Re: Fastest drivetrain in Aerial assist?
 

Of course, driver training is extremely important. That's why I suggested a software limit for speed at first and later.
Personally, I think the game doesn't matter as much as driver training. The drivetrain should be what the driver can handle; pretty much every game in FRC in the past several years has required speed.

If you used PWM control to the motor, wouldn't it technically accelerate faster with a software limited top speed? If you don't stall the CIMs, that is. I feel like that doesn't work out, but can anybody explain why?

From what I've seen, acceleration can probably be mitigated as a problem with a 3 + 2/3 cim per side gearbox. (heheheh)
Does anybody know what the maximum speed it is physically possible to go on an FRC robot? Assuming you want to drive for 10 seconds before the main breaker blows with a 100lb robot.

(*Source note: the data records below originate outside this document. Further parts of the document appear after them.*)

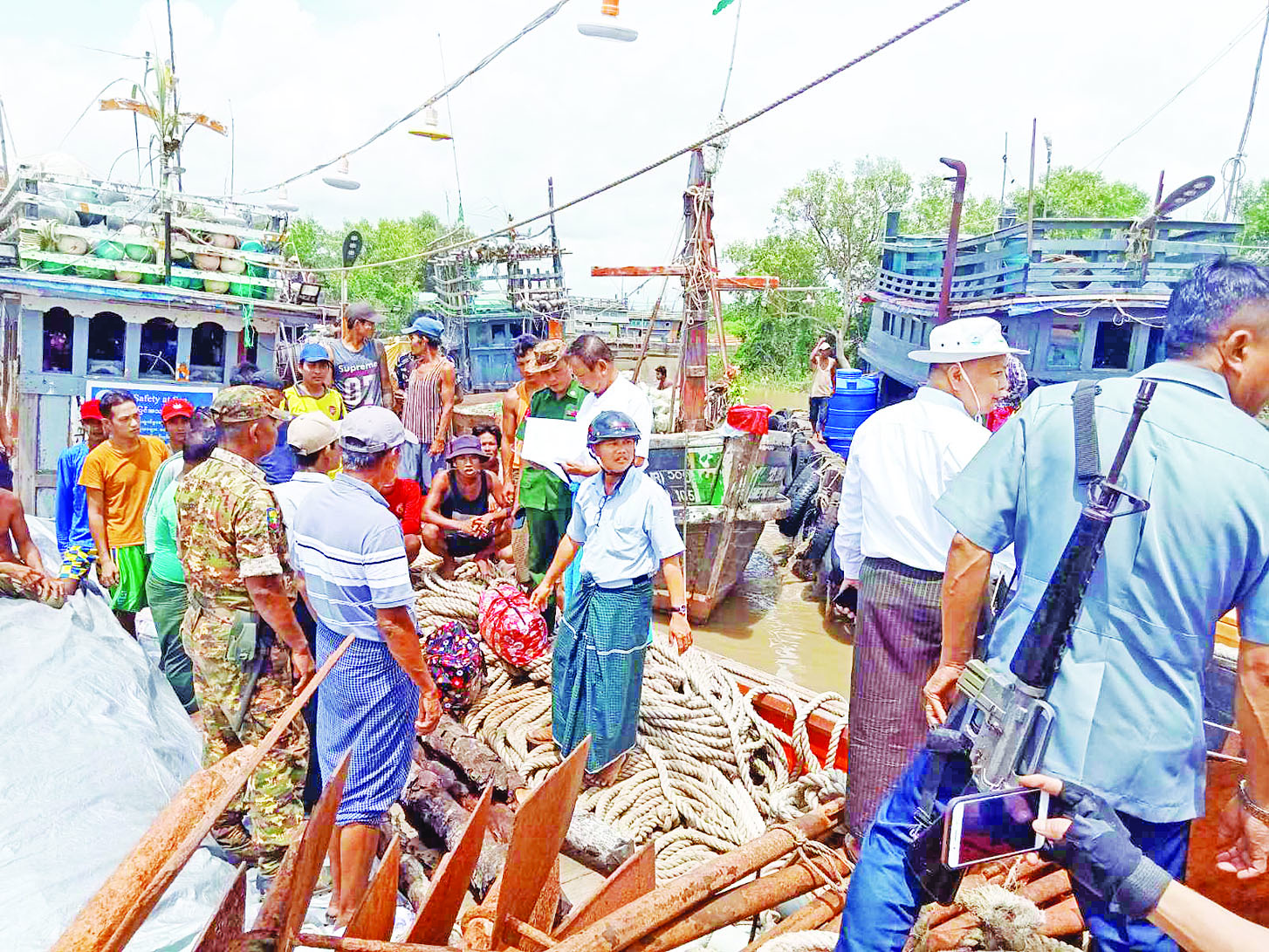 မွန်ပြည်နယ် သံဖြူဇရပ်မြို့နယ် ကျိုက္ခမီမြို့၌ ပင်လယ်ပြင်သို့ ငါးဖမ်း ထွက်မည့် စက်လှေများအား စစ်ဆေးခြင်းလုပ်ငန်းကို ဇွန် ၃၀ ရက်က ကျိုက္ခမီမြို့ အောင်သုခရပ်ကွက် လှေဆိပ်၌ ဆောင်ရွက်သည်။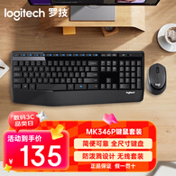 罗技(Logitech)MK346P(同MK345外观) 无线键鼠套装 办公商用键盘鼠标套装 全尺寸键盘104键 数字小键盘 便携黑色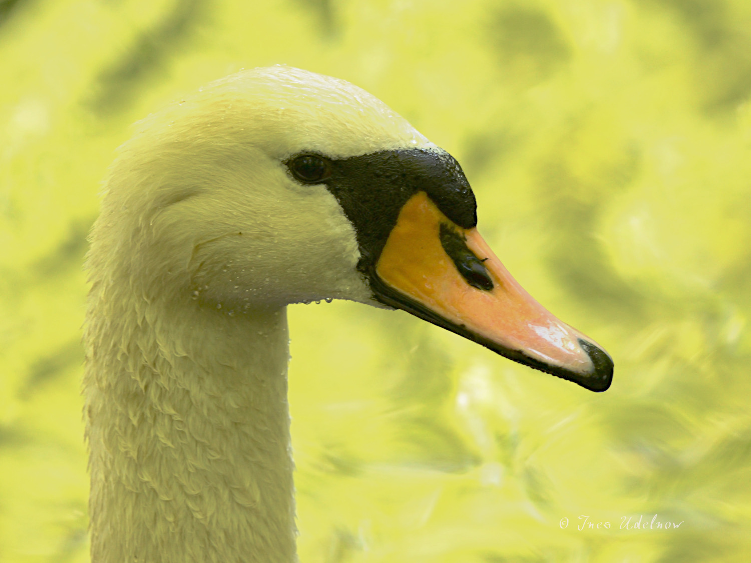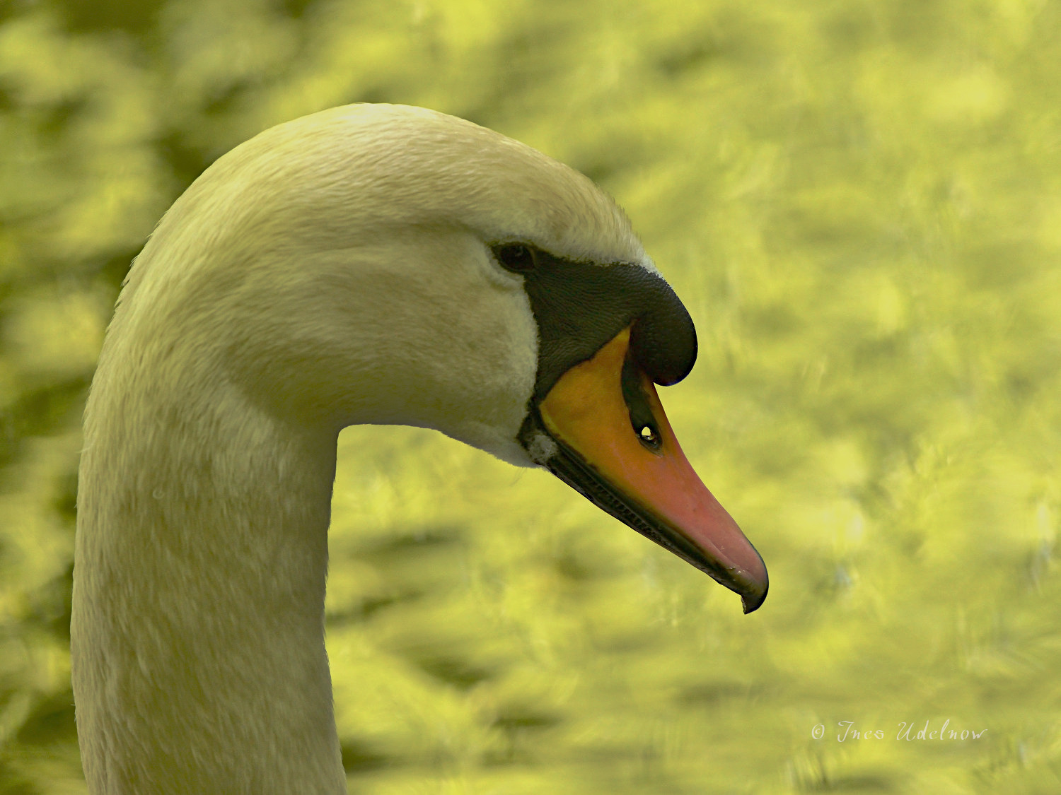 Das Ehepaar Schwan aus dem Tiergarten gestattete mir neulich eine kleine Portraitserie, wobei sich beide aus einer ähnlichen Perspektive ablichten ließen. Herr Schwan ist in dieser Nahansicht von seiner Gattin durch den stärker ausgeprägten Höcker am Schnabelansatz zu unterscheiden.
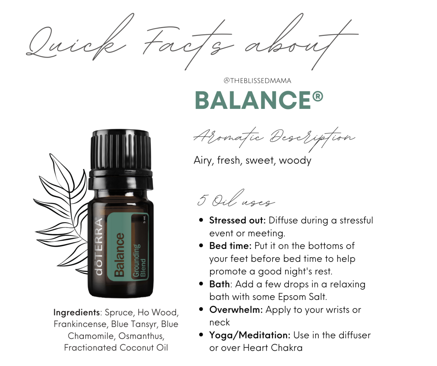 Balance, also known as doTERRA’s Grounding Blend, is a proprietary blend appropriately named balance, because it offers a tranquil aroma. It can assist in bringing harmony to the mind and body and helps to balance out the emotions. This oil is a great for anxious feelings and it is also great for supporting homeostasis in the body.

Re: Fastest drivetrain in Aerial assist?
 

There was an interesting white paper a while back about how acceleration in FRC robots is affected almost entirely by weight and number of motors, and not much by gear ratio. I'll see if I can dig it up.

Re: Fastest drivetrain in Aerial assist?
 

Empirically higher top speed = less torque which in turn = less acceleration because T = I*M*A/R (Moment of Inertia, Mass, Acceleration, Radius)

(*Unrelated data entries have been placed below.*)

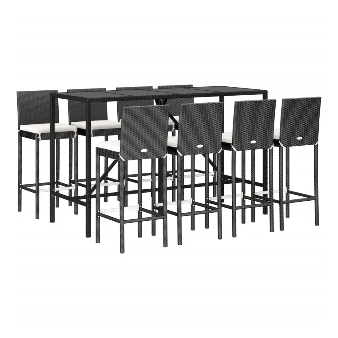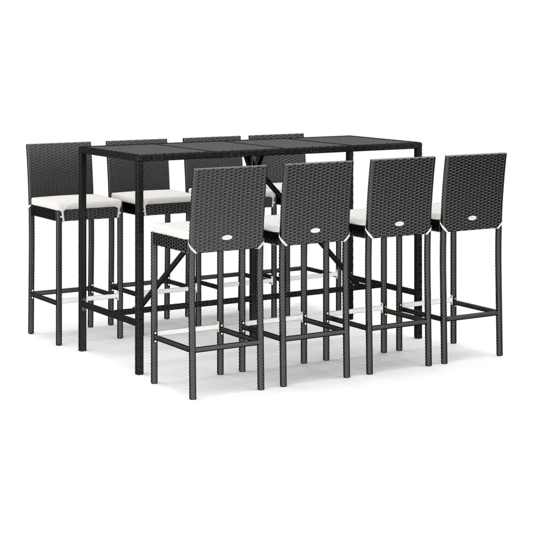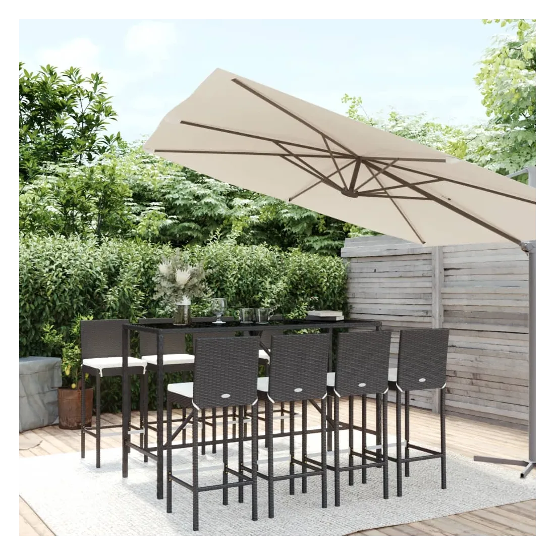 Cet ensemble de bar de jardin tendance, combinant à la fois style et fonctionnalité, est sûrement destiné à être la pièce maîtresse de votre jardin, terrasse et de tout autre espace de vie. Matériau résistant aux intempéries : la résine tressée, également connue sous le nom de rotin poly, résiste aux intempéries et est facile à nettoyer. Elle reste belle à l'extérieur pendant une longue période. Elle offre une excellente qualité, commodité et un aspect esthétique.Assise confortable : le tabouret de bar est conçu avec un dossier et un repose-pieds intégré pour vous offrir une assise confortable. Le coussin de siège bien rembourré offre un confort ultime pendant votre temps assis.Dessus en verre trempé : le dessus est en verre trempé, ce qui le rend facile à nettoyer. De plus, il offre un excellent support pour placer vos boissons, collations et vos décorations préférées.Cadre robuste et stable : les cadres en acier enduit de poudre rendent l'ensemble de pub robuste et stable pour une utilisation quotidienne à l'extérieur.Applications larges : la table et le tabouret de bar, avec leur design remarquable, créent un aspect général agréable qui s'intègre sans effort dans n'importe quel décor. Bon à savoir :Pour faciliter au maximum le montage, chaque produit est livré avec des instructions.Remarque :Pour que vos meubles d'extérieur restent beaux, nous vous recommandons de les protéger avec une housse imperméable.
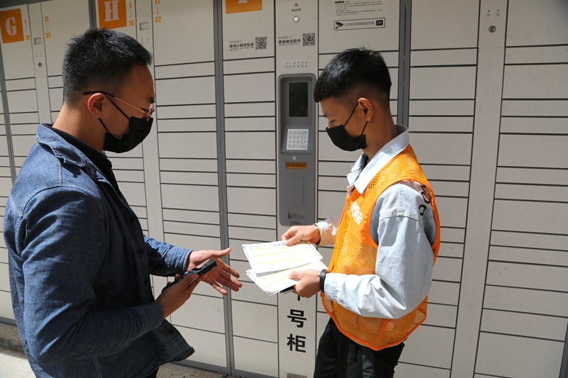 5月12日上午,学校党委委员、宣传部部长兼工会主席李占岭,后勤管理处处长宋国松,副处长孙凤龙与内蒙古近邻宝科技有限公司内蒙区负责人姚兵等人,对我校校园快递服务中心进行了检查验收。此次验收着重检查了校园快递服务中心的运营、消毒、安全防护等并体验了快递柜的使用。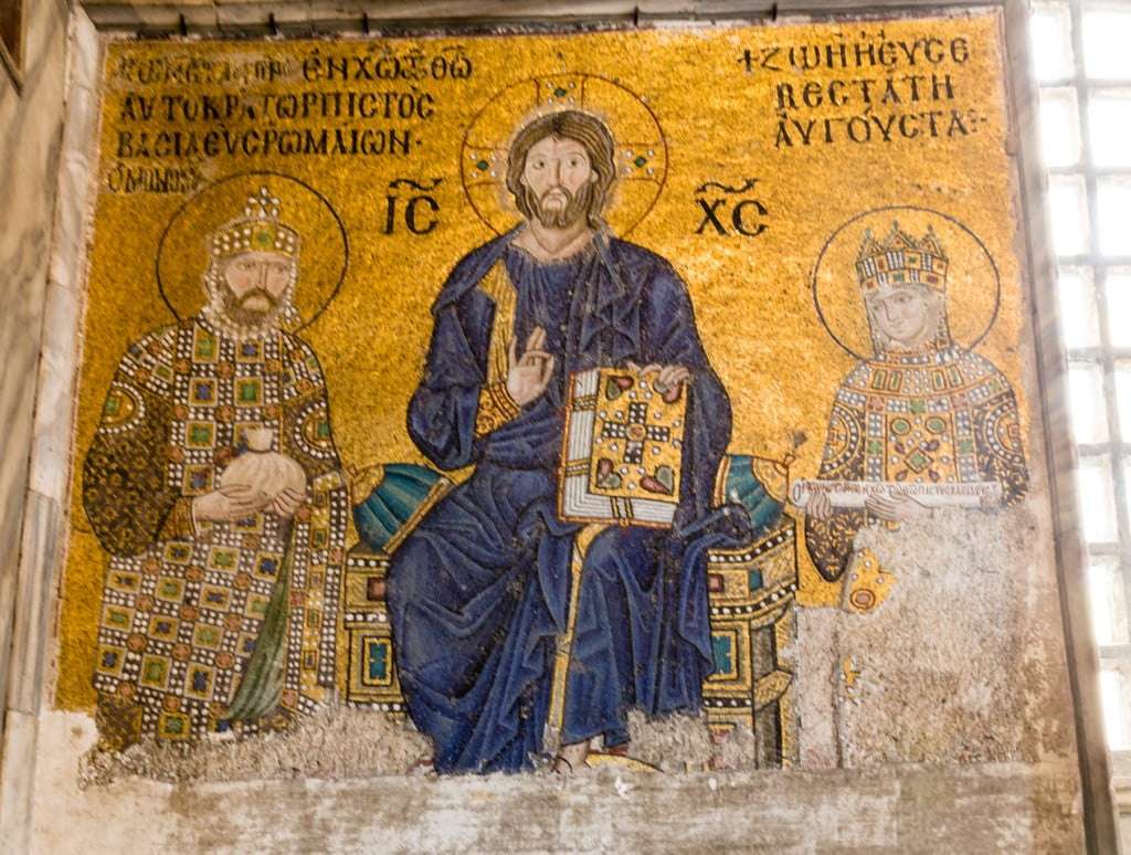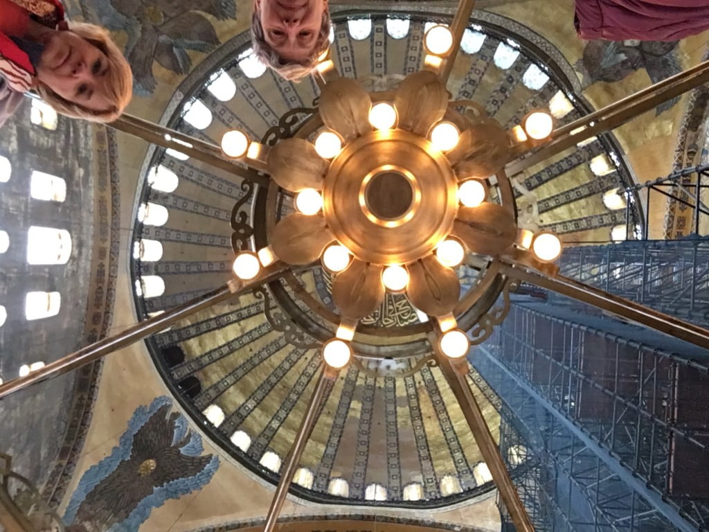 The center dome is the fourth largest in the world (following the Vatican, St. Paul’s in London, and Florence’s Duomo.) It is, of course, the oldest, completed in 532 AD. The dome’s diameter measures 107 feet and appears to hang in midair without support. There wasn’t another monument of this size constructed for another 1,000 years, an awe-inspiring reminder of the knowledge acquired by the Byzantines. Our guide showed us how one side is now off-center, but you would never know just looking at it. Despite the earthquakes that hit Istanbul from time to time, Hagia Sofia remains intact although it has undergone many restorations. Today, scaffolding covers one side of the interior.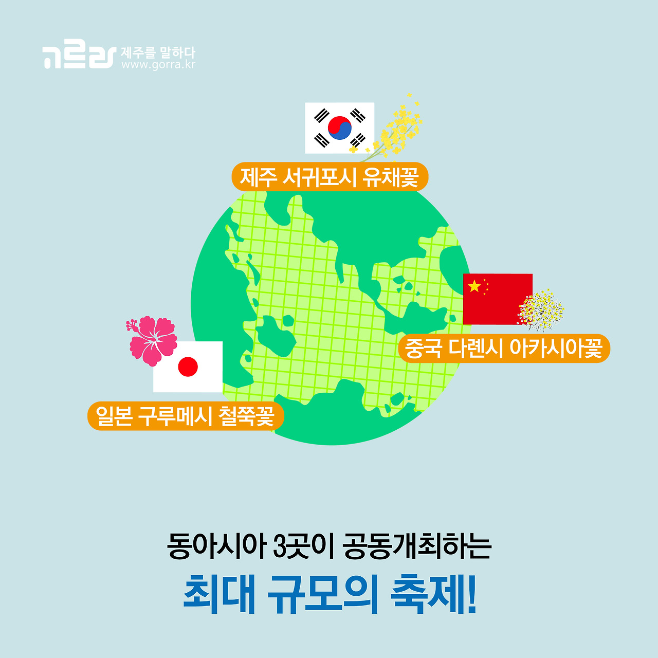 특히 제21회 서귀포유채꽃국제걷기대회는 대한민국 서귀포시와 일본 구루메시(철쭉), 중국 다롄시(아카시아꽃)에서 공동으로 개최하는데요. 3개국 3개 도시에서 ‘동아시아 플라워 워킹리그’를 결성, 평화와 화합을 도모하기 위해 개최하는 뜻깊은 행사랍니다.

If torque decreases with the others staying the same, then acceleration must decrease. That's why adding motors increases acceleration, because it adds torque to the drive.

A small piece I found on HP, I havn't checked the math but it seems logical

Re: Fastest drivetrain in Aerial assist?
 

Circuit breakers don't limit current. The 40A circuit breakers used by the PDB won't trip for a few seconds at ~100 amps.

Re: Fastest drivetrain in Aerial assist?
 

Complete BS psuedo math just to set an upper bound based on energy...

Assume 200 amps of draw for 10 seconds, this drops the battery to about 11V. That's 22 kJ of energy.

Assume the motors + drive average about 40% efficiency from electrical power to kinetic energy of the robot, that's 8.8 kJ.

Assume 68 kg vehicle, and E = .5mv^2, then velocity is 52 feet per second.

You'd require many shifting stages with instant engagement, a friction-less environment (in terms of air drag, etc..), and a much longer field though ;)

Re: Fastest drivetrain in Aerial assist?
 

The concept here is correct, but T=I*A/R. The formula that really shows the torque-velocity relationship is Power=Torque*angular velocity, where if torque is increased, then angular velocity must decrease assuming a constant power.

Re: Fastest drivetrain in Aerial assist?
 

I'm pretty sure the fastest robot that I saw this year was 1986. I wonder if Aaron can give us a number?

Re: Fastest drivetrain in Aerial assist?
 

Not sure who was the fastest out there but 368 was certainly one of the quickest...and nimble too!

Re: Fastest drivetrain in Aerial assist?
 

11 tooth pinion direct driving a 70 tooth gear on a 4 inch blue nitrile wheel. 6 CIMs, no shifter.

(5,310 RPM CIM Free Speed) x (11/70 gear reduction) x (4 inch x Pi wheel circumference) x (1/12 inches to feet conversion) x (1/60 per minute to per second conversion) = 14.56 ft/sec theoretical unloaded speed.

We never measured the actual speed.

Not the fastest out there, but fast enough for our strategies. Having a great driver helps. ;)

Re: Fastest drivetrain in Aerial assist?
 

Interesting. I was more wondering about friction and stuff like that though, because it is (technically) possible to go faster than that using more motors/ power.
But 52fps... my god.

Re: Fastest drivetrain in Aerial assist?
 

Okay, I'll play this game.

d = maximum linear distance robot can travel
μ = coefficient of static friction with carpet
g = acceleration due to gravity

The robot somehow manages to provide a constant force of μgm in the forward direction. It's mass is m, so the robot has a constant acceleration of a = μg. Assuming the robot starts at rest and x(0) = 0, then v(t) = μgt, and x(t) = (μg/2)*t^2. At x(t) = d, the velocity is the largest. Solving x(t) = d for t gives t = sqrt(2d/μg), so vmax = sqrt(2dμg).

Plugging in d = 60 feet, μ= 1.5, and g = 32ft/s^2 gives vmax = 76ft/s. Then either the robot or the field breaks depending on the quality of your bumpers. ;)

I suppose the robot doesn't necessarily have to drive in a straight line though. If the robot spun in a circle for the whole match, then vmax would be μg*(match length). Using μ= 1.5, and g = 32ft/s^2 again, and match length = 150 s, vmax = 7200 ft/s. Although they would probably not continue the match after the sonic boom.